Precisamos entender que o Brasil foi o último país das Américas a abolir a escravidão. Ainda hoje existem pessoas conservadoras e racistas que trazem esse legado odioso de que é normal açoitar pessoas negras. Um exemplo foi o caso do entregador motoboy Max Ângelo dos Santos, que foi agredido com uma correia de cachorro nas costas, enquanto sofria injúria racial por parte da professora de vôlei de praia Sandra Mathias Correia de Sá, de 53 anos.
Outro caso de racismo que aconteceu recentemente voltou a marcar a Marinha Brasileira, em pleno 2024, quando o almirante Marcos Sampaio Olsen criticou o projeto de deputado federal Lindbergh Farias (PT-RJ) que pretende inscrever João Cândido no livro de Heróis da Pátria. O atual comandante da Marinha alega que a revolta “se deu pela ação violenta de abjetos marinheiros”, em violação à hierarquia e à disciplina e que a atuação de Cândido não foi patriótica, nem heroica, mas sim, o rompimento com a hierarquia e a disciplina da Força.
O primeiro reconhecimento de João Cândido chegou na música O Mestre-Sala dos Mares, composta por Aldir Blanc e João Bosco, nos anos 1970, e imortalizada nas vozes de Elis Regina e do próprio João Bosco. Na letra original, João Cândido era o Almirante Negro, o Dragão do Mar, que guiava poderosos navios de guerra com a dignidade de um mestre-sala. Escrita em plena ditadura militar, sob o comando do presidente Ernesto Geisel, a música de Aldir Blanc e João Bosco foi parar na mesa dos censores.
A Letra censurada:
Há muito tempo nas águas da Guanabara
O dragão do mar reapareceu
Na figura de um bravo feiticeiro
A quem a história não esqueceu
Conhecido como navegante negro
Tinha a dignidade de um mestre-sala
E ao acenar pelo mar, na alegria das regatas
Foi saudado no porto
Pelas mocinhas francesas
Jovens polacas e por batalhões de mulatas
Rubras cascatas
Jorravam nas costas dos santos
Entre cantos e chibatas
Inundando o coração
Do pessoal do porão
Que a exemplo do feiticeiro gritava, então!
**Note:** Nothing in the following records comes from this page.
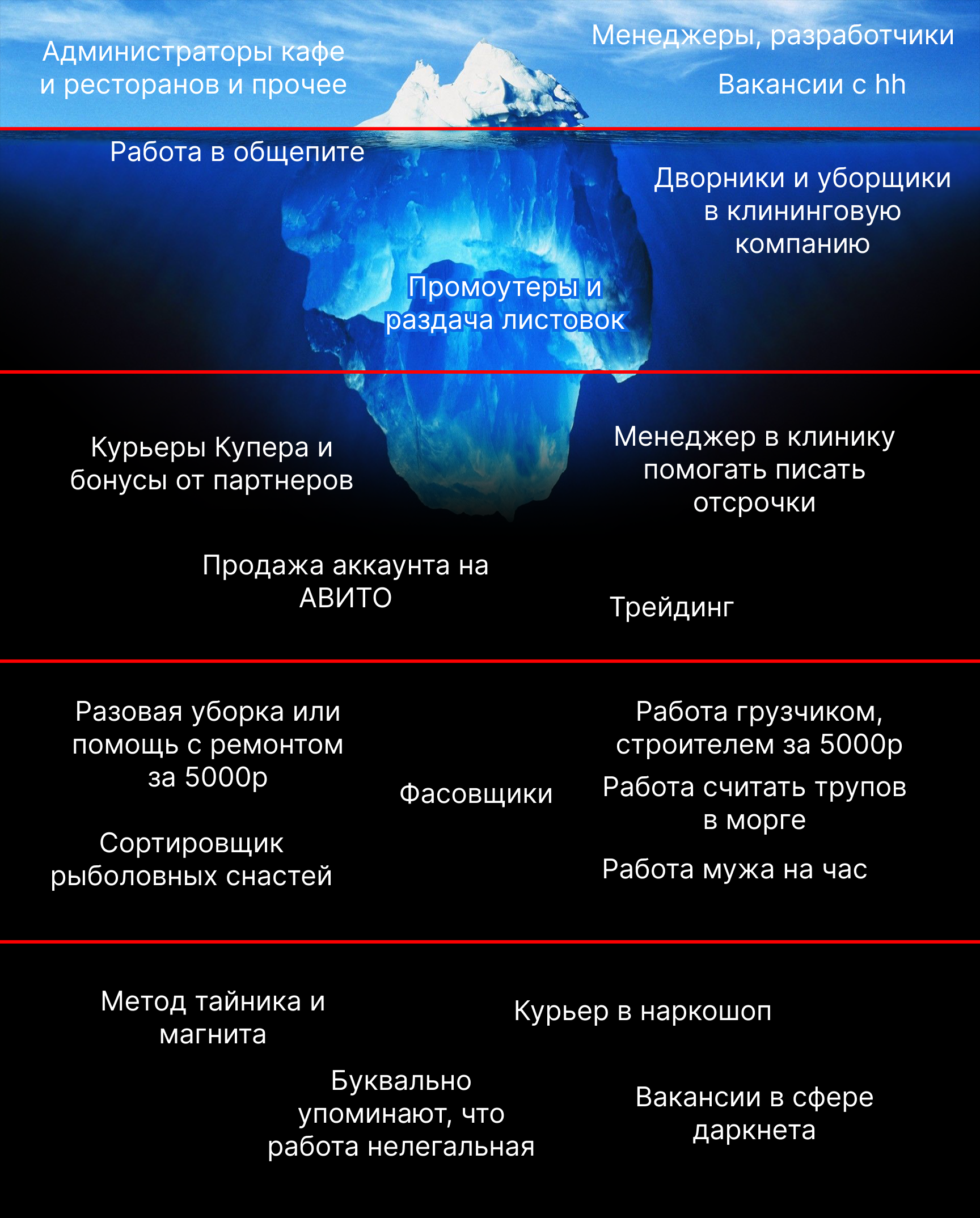 До этого уровня добраться несложно, но ничего приятного тут не увидеть, потому что в самом посте вакансии буквально упоминают “требуется курьер в наркошоп”, “вакансия в сфере даркнет”. Такие посты чаще всего намешаны с теми, что в предыдущем уровне айсберга, просто тут пишут БУКВАЛЬНО.
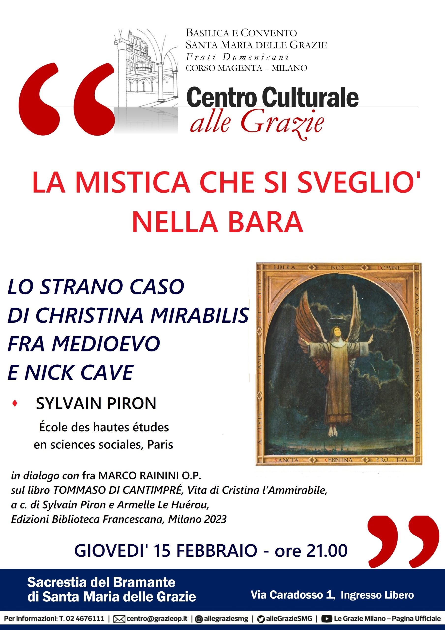 Giovedi 15 febbraio alle 21.00 nella Sacrestia del Bramante Sylvain Piron, direttore dell’École des hautes études en sciences sociales di Parigi presenta la straordinaria figura della mistica belga medievale Cristina l’Ammirabile. Personaggio discusso e oggetto di svariate interpretazioni, dotata di fenomeni mistici e soprannaturali, sospettata in vita di possessione diabolica, famosa per essersi rialzata dalla bara durante il suo funerale celebrato quando era caduta in stato di morte apparente, è stata anche soggetto per una canzone del noto cantautore australiano Nick Cave.
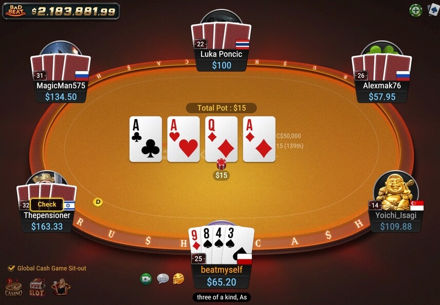 - All-In or Fold (AOF) Cash: This is a special, casual-player-oriented cash game format where in each hand, every player only has two options – go all-in or fold. The buy-ins are fixed (e.g., for Hold’em it’s 8 big blinds, for Omaha 5 big blinds). You can find relatively big games there, with blinds going from $0.05/$0.10 all the way up to $100/$200.
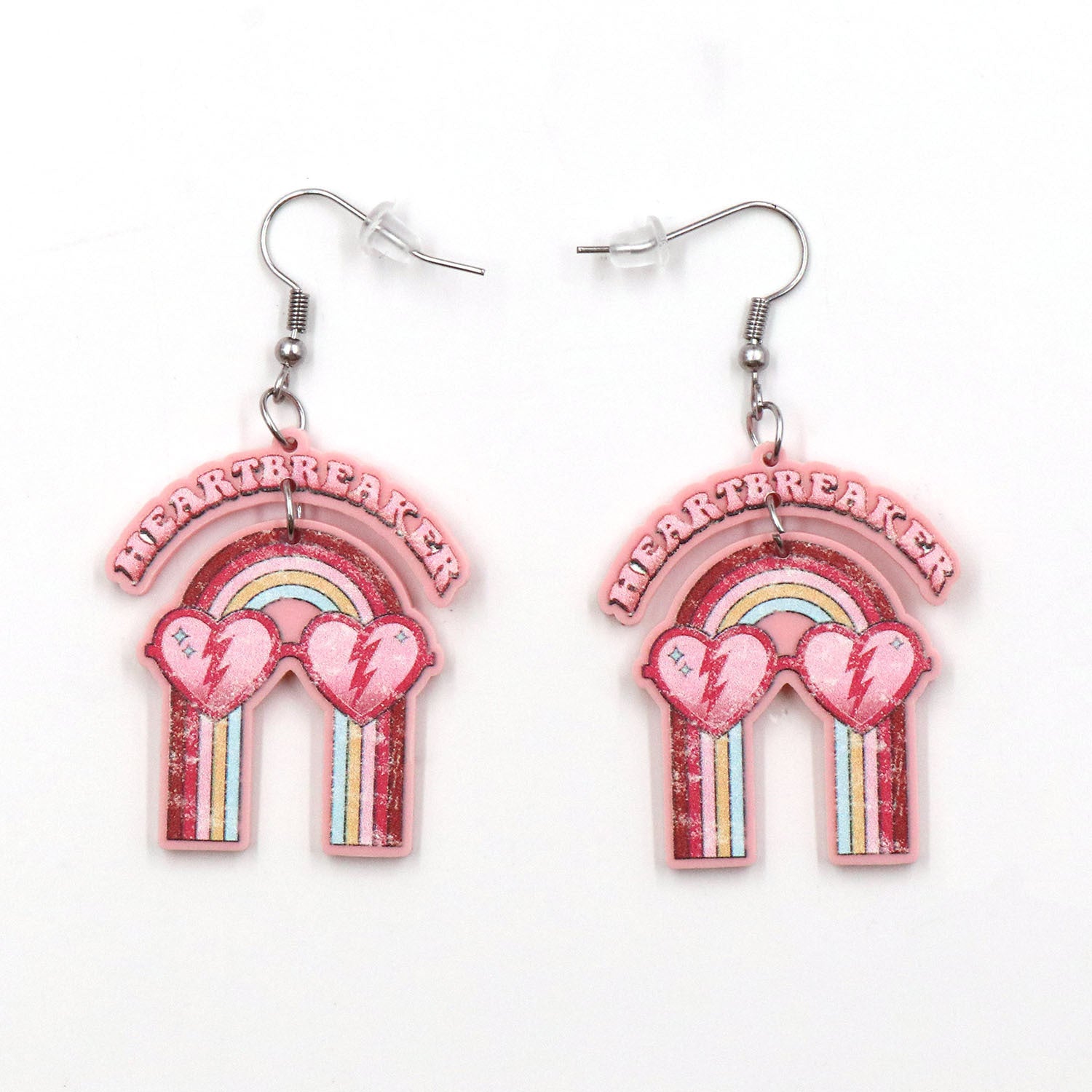 Wholesale Valentine's Day Rainbow Letters Acrylic Earrings
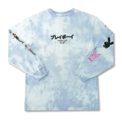 Embrace Iconic Style with the Playboy x Color Bars Blue Tie-Dye Long Sleeve
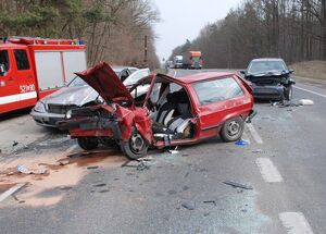 Dzisiaj około godz. 10.50 dyżurny starogardzkiej komendy otrzymał informację o wypadku drogowym jaki wydarzył się na ulicy Mickiewicza. Jak wynikało ze zgłoszenia, na wyjeździe ze Starogardu w kierunku Tczewa zderzyły się jednocześnie aż trzy auta osobowe. Ze wstępnych ustaleń policji wynika, że na tył skręcającego w lewo volkswagena najechał jadący w kierunku autostrady A1 ford. W wyniku tego uderzenia volkswagen przekroczył oś jezdni i zderzył się z jadącym w przeciwnym kierunku mercedesem.
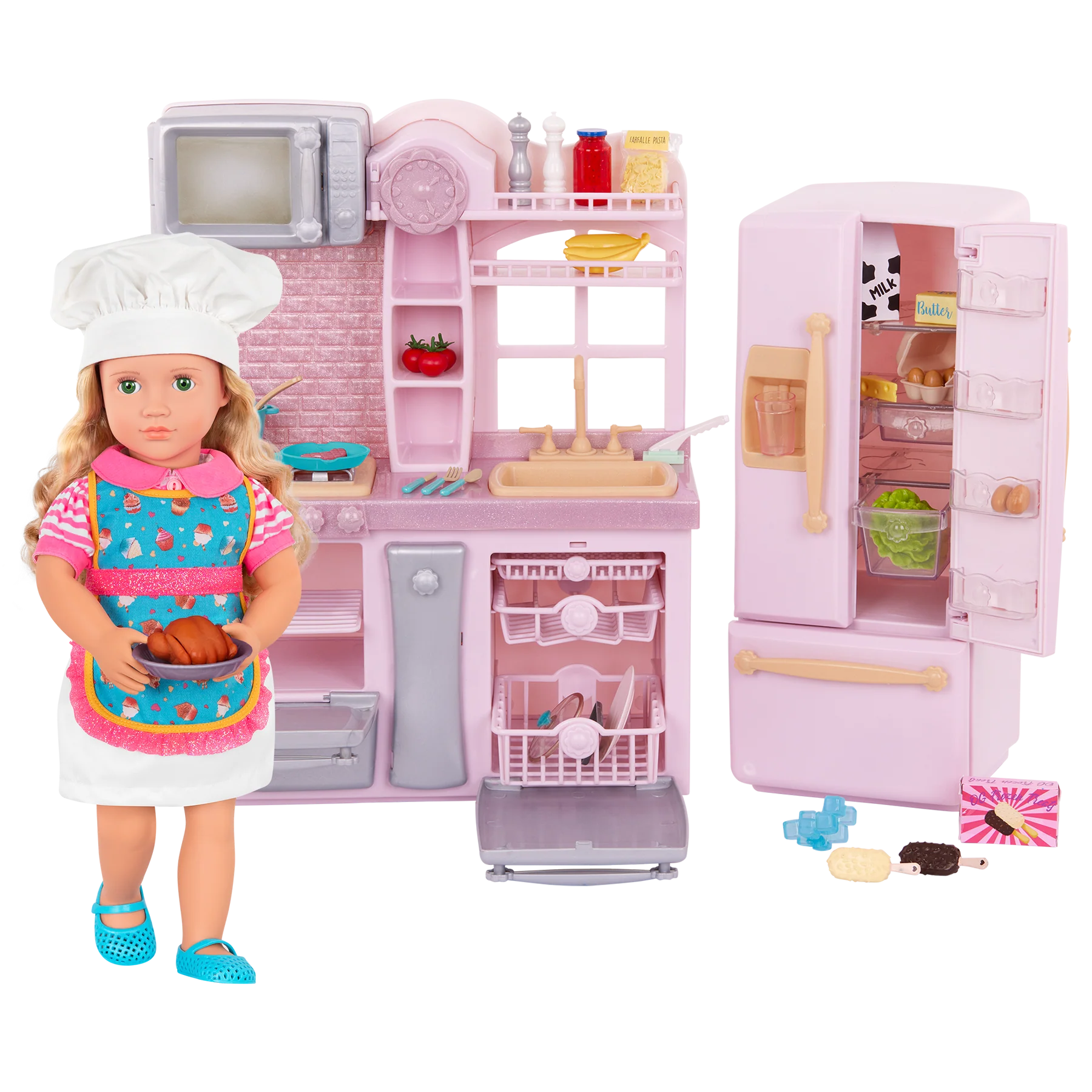 El Gourmet Kitchen Set de Our Generation es un conjunto de cocina diseñado para muñecas de 46 cm. Este set incluye una unidad de cocina completa con electrodomésticos funcionales, un refrigerador, utensilios de cocina y alimentos de juguete realistas, ofreciendo a los pequeños chefs todo lo necesario para preparar deliciosas comidas en su propio espacio.

Glória aos piratas, às mulatas, às baleias!
Glória à farofa, à cachaça, às baleias!
Glória a todas as lutas inglórias
Que através da nossa história
Não esquecemos jamais
Salve o navegante negro
Que tem por monumento
As pedras pisadas do cais
(Mas, salve …)
Este texto, portanto, busca reconhecer e fazer uma justa homenagem ao nosso Almirante Negro. Faz-se necessário que seja revisto o questionamento da Marinha Brasileira e entendido a importância de João Cândido e da Revolta da Chibata ao povo brasileiro. Temos ainda que trabalhar pelo convencimento da Câmara Federal de que os atos de João Cândido foram sim heroicos, uma vez que no Senado o projeto já foi aprovado.
JOÃO CÂNDIDO, O ALMIRANTE NEGRO, HEROI DA PÁTRIA!